To monitor the enrichment of RNAP-binding regions prior to the microarray hybridization, the quantitative real-time PCR (qPCR) against the previously characterized RNAP-binding regions was performed in triplicate using iCycler™ (Bio-Rad) and SYBR green (Qiagen). The qPCR conditions were as follows: 25 μL SYBR, 1 μL of each primer (10 pM), 1 μL of IP or mock-IP DNA, and 22 μL of ddH2O. The samples were cycled to 94 °C for 15 sec, 52 °C for 30 sec, and 72 °C for 30 sec (total 40 cycles) on a LightCycler (Bio-Rad). The threshold cycle (Ct) values were calculated automatically by the iCycler™ iQ optical system software (Bio-Rad). Normalized CtCt) values for each sample were calculated by subtracting the Ct value obtained for the mock-IP DNA from the Ct value for the IP-DNA (ΔCt = CtIPCtmock). To measure relative gene expression levels, cDNA synthesized was used instead of the IP DNA.

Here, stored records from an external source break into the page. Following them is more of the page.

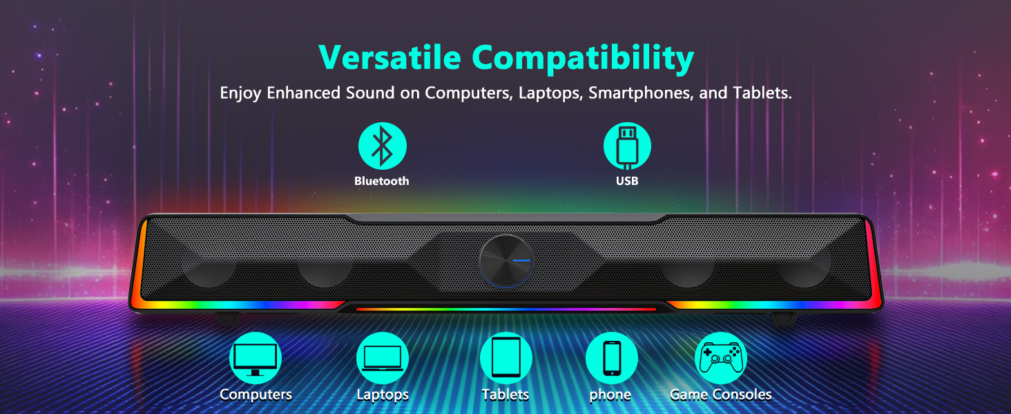 Dispositivi compatibili L'altoparlante per computer con manopola del volume della soundbar con connessione cablata Bluetooth/USB GS516 nero è progettato per funzionare con un'ampia varietà di dispositivi. I dispositivi compatibili in genere includono:
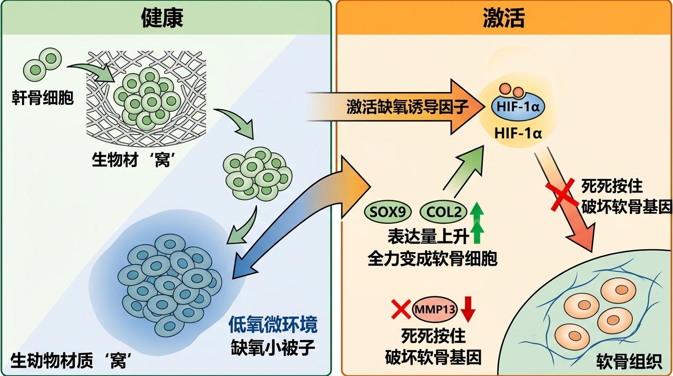 干细胞住进这个窝后,会自动聚成团,形成和天然软骨类似的低氧微环境——就像给细胞盖上了一层“缺氧小被子”。这种环境会激活缺氧诱导因子HIF-1α,就像给干细胞下达了“全力变成软骨细胞”的指令:SOX9、COL2这些软骨核心基因的表达量大幅上升,而会破坏软骨的MMP13则被死死按住。
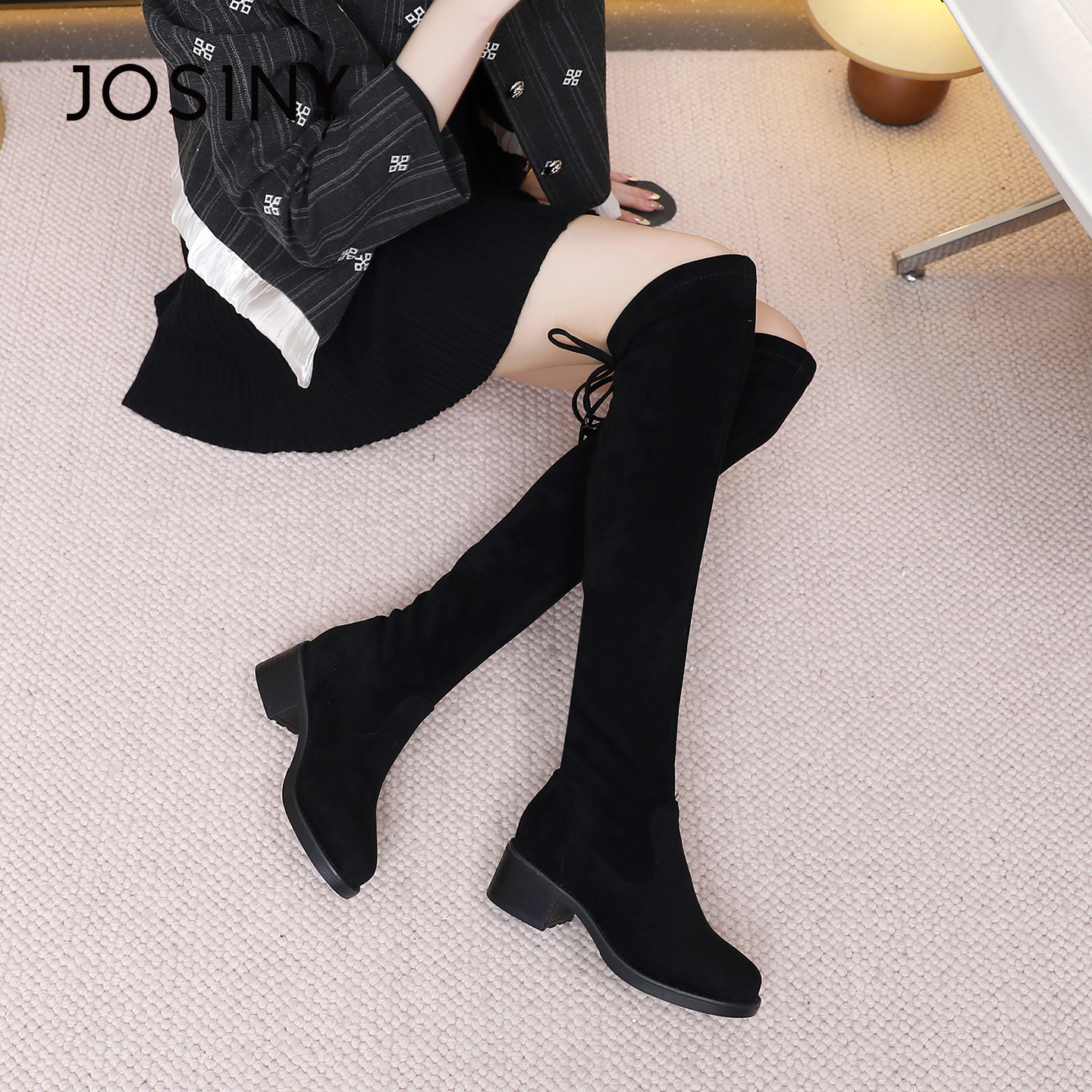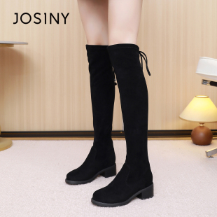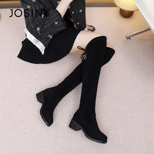 卓诗尼2025秋冬新款 舒适弹力靴潮流气质粗跟高筒靴女 过膝长靴时尚

Identification of RNAP-binding regions

To identify RNAP-binding regions, we used the peak finding algorithm built into the NimbleScan™ software. Processing of ChIP-chip data was performed in three steps: normalization, IP/mock-IP ratio computation (log base 2), and enriched region identification. For normalization and log ratio computation, signal intensity from all arrays was mapped to a reference distribution created by taking averages of the sorted raw data and scaled to a median of 1.0. The ChIP-chip datasets exhibited strong raw reproducibility (pair-wise Pearson coefficients ≥ 0.96). Each log ratio dataset from triplicate samples was used to identify RNAP-binding region using the software (width of sliding window = 300 bp). The results from this analysis were not the binding positions (i.e., single binding peaks) but binding regions. We then calculated the median position of those regions to avoid detecting skewed position by unwanted noise. Since the median positions do not necessarily match to the probe positions of the microarray, we assigned the nearest probe positions to the median positions. Our approach to identify the RNAP-binding regions was to first determine binding locations from each data set and then combine the binding locations from at least five of the six datasets to define a binding region34. ChIP-chip experiments are usually performed using multiple replicates, and it is common to average these replicates to produce an enrichment signal that is then analyzed for binding event information. We find that different replicates often reflect non-trivial differences in molecular binding activity and that averaging can abolish strong enrichment signals or indicate binding event locations that are not supported by any individual replicate. So, after normalizing replicates first individually and then altogether, we computed and applied a baseline correction in the form of an offset for each replicate such that an enrichment signal of one corresponded to the mean value of the non-enriched probes. All raw and processed signals, along with in-house Perl and R scripts used to process raw ChIP-chip datasets, are available from our website (http://systemsbiology.ucsd.edu/publications).

Transcriptome analysis

Total RNA samples were isolated using RNeasy Plus Mini kit (Qiagen) in accordance with manufacturer's instruction. Subsequently, 20 μg of the purified total RNA sample was reverse transcribed with 1,500 U SuperScript II reverse transcriptase (Invitrogen), 30 U SUPERase·In (Ambion), 750 ng random primer, 10 mM dNTP mixture containing 4 mM amino-allyl dUTP, 10 mM DTT and 8 μg/mL actinomycin D. Actinomycin D was used to remove antisense transcript artifacts during the cDNA synthesis31. The amino-allyl labeled cDNAs were purified with QIAquick PCR purification columns (Qiagen). Phosphate wash (5 mM KPO4 and 80% ethanol) and elution buffer (4 mM KPO4) were used to protect amino-allyl residues instead of using PE and PB buffers, respectively. The amino-ally labeled cDNAs were subsequently incubated with Cy5 Monoreactive dyes (Amersham) to obtain Cy5 labeled cDNAs. The cDNA samples were fragmented by 0.3 U RNase-free DNaseI (Epicentre) per μg cDNA, which were then purified and hybridized onto the high-density oligonucleotide tiling microarrays. After hybridization and washing steps, the arrays were scanned on an Axon GenePix 4000B scanner and features were extracted by using NimbleScan software. The resulting pair files from experimental triplicates were then normalized using the ‘RMA analysis’ function from NimbleScan.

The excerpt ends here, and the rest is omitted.